Congregations can support this practice by offering weekly “conversation starters” in the bulletin, by email, or in the church newsletter. An example is, “This week, continue the discussion at home asking one another, ‘What did you do today that helped someone know you love God?’”

Study and Devotions in the Home

Life is busy. It’s hard to take time for something that feels a bit more formal than a conversation. However, reading the Bible together, singing a hymn together, and listening together to the devotion from “The Upper Room Daily Devotional Guide” provides another chance to reflect on how faith guides our daily life. Telling stories of persons of faith from the Bible or from your life is another way to structure devotional time. And often we forget the power of simply seeing another family member engaged in reading the Bible, in singing hymns or songs of faith, or in study. We witness through those actions to the importance of faith.

Congregations can support this practice by providing devotional guides that families can take home to use, giving hymnals or worship music CDs to families when they join the church, or supporting Bible storytelling in the home by providing short bios or stories of men and women of the Bible in the church newsletter.

Faith Rituals in the Home

View the home as a center for faith formation. If someone walked into our homes today, what would they see that helped them know we were Christians? Would they see a Bible, a cross, a hymnal, a cross-stitched verse of scripture? We create an atmosphere of faith in what we place in our surroundings. We also create an atmosphere of faith through our daily rituals. These include prayer at meals, prayer at bedtime, offering words of blessing to one another as we leave the home and return home. We create an atmosphere for faith by observing the seasons of the Christian year in the home.
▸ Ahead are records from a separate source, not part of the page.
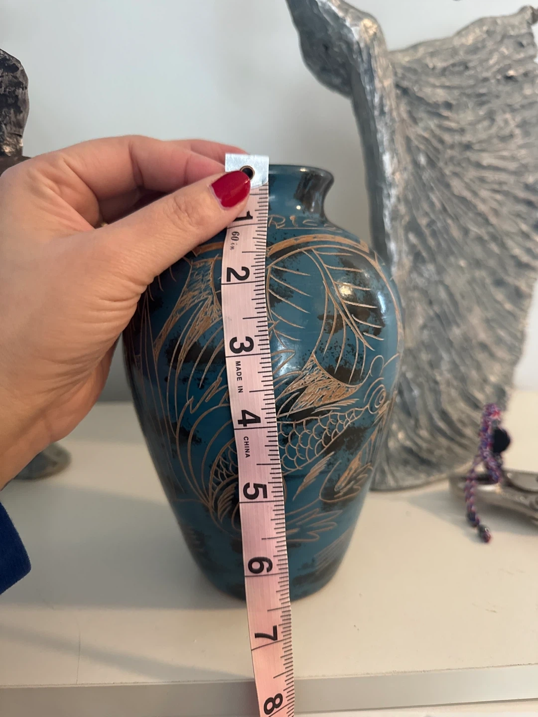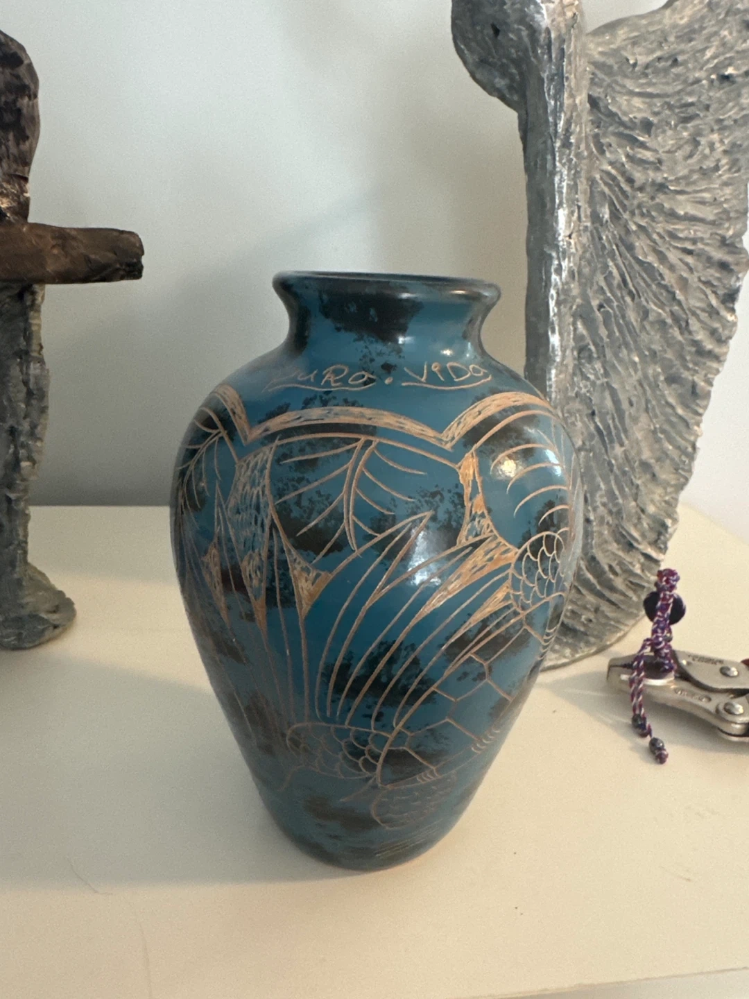 Selling a blue vase with Costa Rica inscribed on the top. It features a leaf design and a fish design. The vase is approximately 7 inches tall.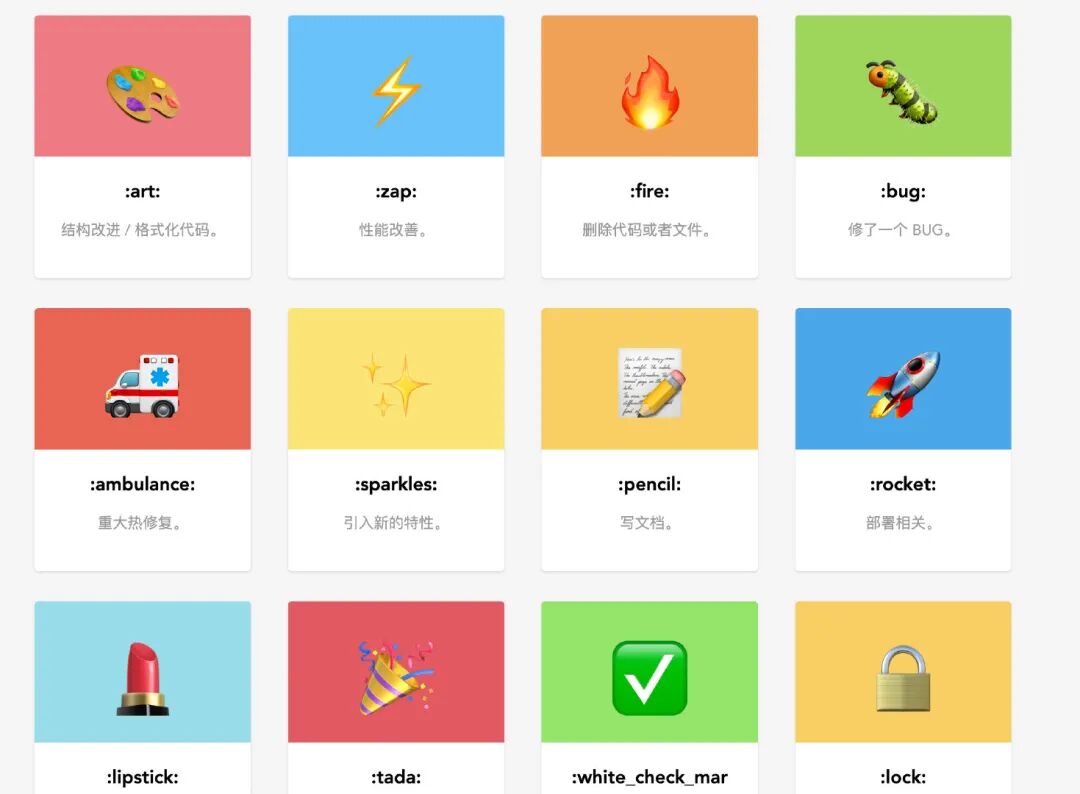 在执行 git commit 指令时使用 emoji图标为本次提交添加一个特别的图标, 这个本次提交的记录很容易突出重点,或者说光看图标就知道本次提交的目的。这样就方便在日后查看历史提交日子记录中快速的查找到对于的提交版本。由于有很多不同的表情符号,表情库更新后,没有一个可以帮助更轻松地使用表情符号的中文表情库列表。所以这里主要列出 gitmoji项目中规定的emoji规范的表情符号列表。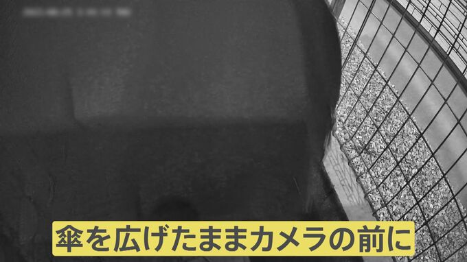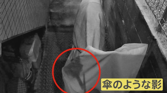 入口付近を捉えていたカメラが突然下を向きます。なぜ傾いたのか?その瞬間の映像には傘のような影が・・・

Congregations can support this practice by providing blessings that can be used for important life milestones, such as the first day of school, the loss of a tooth, receiving a driver’s license, or starting a new job. Offering resources for each of the seasons for home devotions is helpful to families. Family devotions for each season can be found at  Compiling and distributing prayers written by church members to be used in the home also provides support.

Service to Others

We are called to nurture faith by those actions that connect us individually, as families, and as communities of faith to God—prayer, worship, Bible study, Holy Communion, fasting, and Christian conversations. We are also called into actions that address the needs of others beyond ourselves. In both our homes and our congregations, this begins by becoming generous givers of our time and our resources. How might this work? In prayer together the family remembers a neighbor who has lost a loved one. The family then sends a card, makes a visit, takes a meal to that neighbor. In conversation together, the family talks about a food drive being held at the church. They go shopping for food items and take them to the church. In observance of Lent, the family joins with others in their church by collecting coins, then sending them in support of a mission project determined by the church. Remember it’s not the size of the project, but the giving of time and of self to make a difference.

Congregations can support this practice by offering service opportunities appropriate for children as well as youth and adults, by supplying ways to give when a disaster occurs; by sponsoring food drives, toy drives, clothing drives; by linking homebound individuals with families willing to visit.

It’s time for congregational leaders—clergy and lay—to acknowledge that families are one of the most significant contexts of Christian discipleship. Family relationships have the potential for providing profound experiential learning of Christian virtues, such as love, patience, kindness, justice, and forgiveness, repentance, and reconciliation. It is well worth our time, energy, and resources to equip those in our congregations to take full advantage of this rich environment for faith and growth as disciples of Jesus Christ.